The mouse and human assemblies also have cytogenetic map information. There has been confusion about who makes those. In recent times UCSC has become the default source for that. I don't know if want to keep that job. It is a bit of an obscure procedure involving ancient code from Terry and some other unusual files from NCBI.
Alternate alleles are most likely going to proliferate. They should certainly be supplied. UCSC needs to decide on how to display the alternate alleles.
Quality scores can be supplied in either component or scaffold coordinate systems. As long as there are AGP files to relate them to chromosomes, we can convert the quality scores to chromosome coordinates. We do not need multiple copies.
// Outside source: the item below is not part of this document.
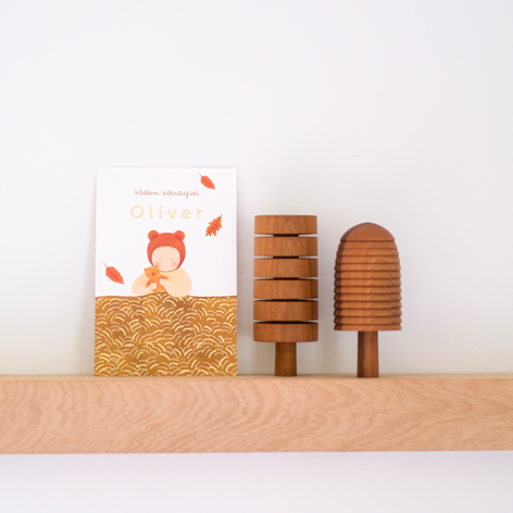 Herfst geboortekaartje met een kindje met knuffel in een bedje

Updates (implying versioning) could be a big headache. Once we build a browser on any one particular version, we don't want to hear about it again until there is a significant release to the next version. Therefore, I would expect releases to happen on whole assemblies. I wouldn't want to deal with partial updates to an existing release. Way too much trouble with that.
For handshake communication, I would recommend a limited email list with the primary representatives at each center and browser build team on the email list.
Given XML data structures for assembly metadata UCSC will most likely be converting that XML into simple tag=value .ra text files which we find most convenient. As long as we can parse the XML we should be OK.
Hiram 21:02, 23 September 2008 (UTC)